## [Supplied data]
★ ★ ★ ★
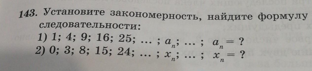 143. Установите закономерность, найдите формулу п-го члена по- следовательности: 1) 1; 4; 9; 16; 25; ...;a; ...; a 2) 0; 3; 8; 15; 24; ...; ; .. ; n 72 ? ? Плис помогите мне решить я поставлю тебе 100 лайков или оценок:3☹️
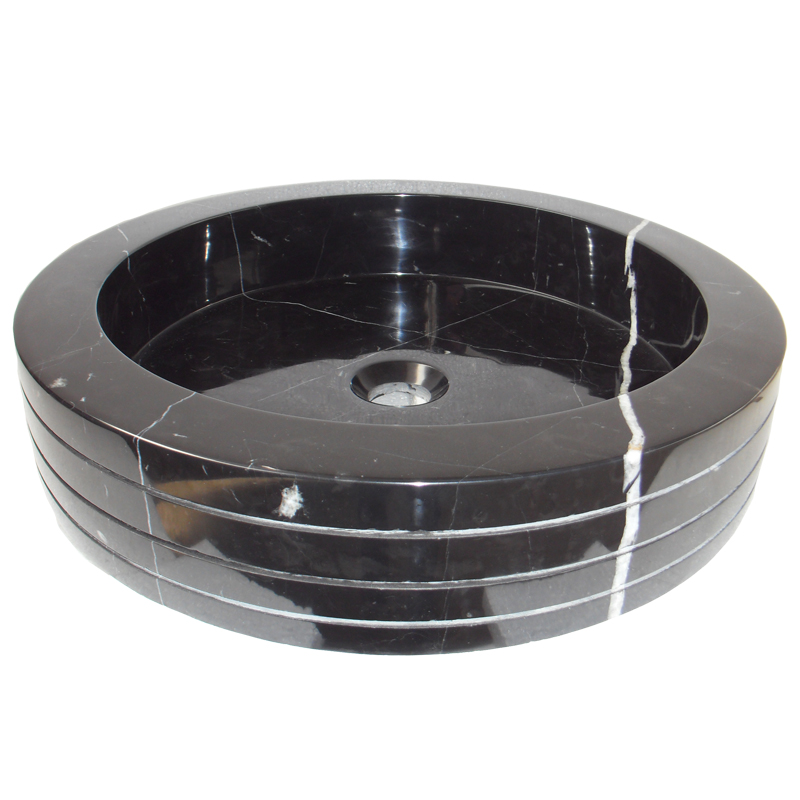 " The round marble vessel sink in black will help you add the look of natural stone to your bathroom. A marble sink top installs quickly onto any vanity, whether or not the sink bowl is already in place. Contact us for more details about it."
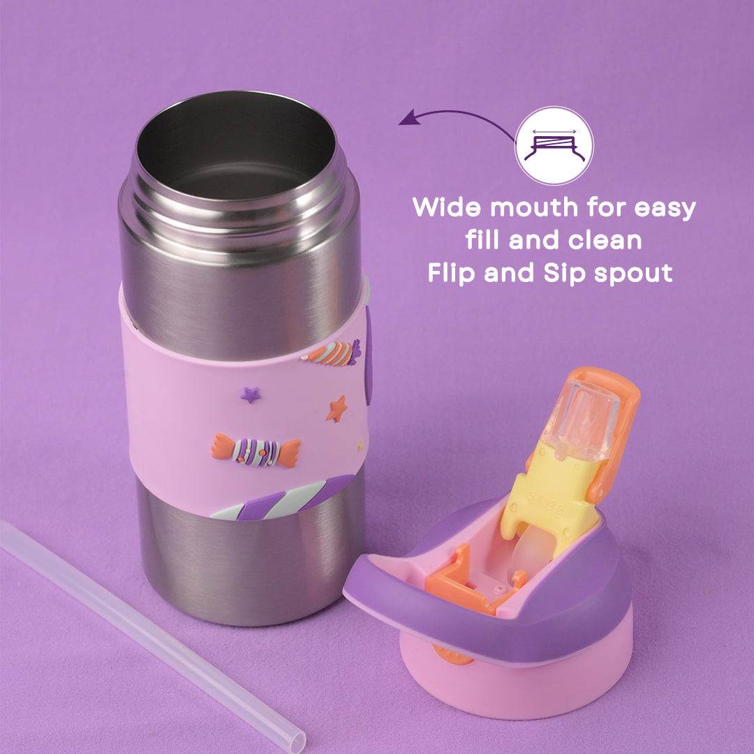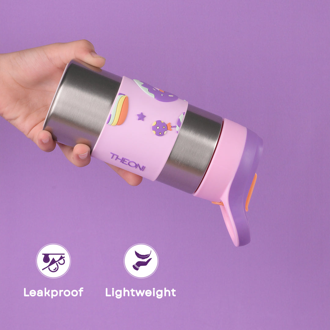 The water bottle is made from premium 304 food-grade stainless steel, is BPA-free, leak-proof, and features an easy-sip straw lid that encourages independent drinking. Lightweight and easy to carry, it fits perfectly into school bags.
★ ★ ★ ★
## [Directions for this task]
Excluding every picture, set down the listing exactly.

## [Task response]
 143. Установите закономерность, найдите формулу п-го члена по- следовательности: 1) 1; 4; 9; 16; 25; ...;a; ...; a 2) 0; 3; 8; 15; 24; ...; ; .. ; n 72 ? ? Плис помогите мне решить я поставлю тебе 100 лайков или оценок:3☹️
 " The round marble vessel sink in black will help you add the look of natural stone to your bathroom. A marble sink top installs quickly onto any vanity, whether or not the sink bowl is already in place. Contact us for more details about it."
 The water bottle is made from premium 304 food-grade stainless steel, is BPA-free, leak-proof, and features an easy-sip straw lid that encourages independent drinking. Lightweight and easy to carry, it fits perfectly into school bags.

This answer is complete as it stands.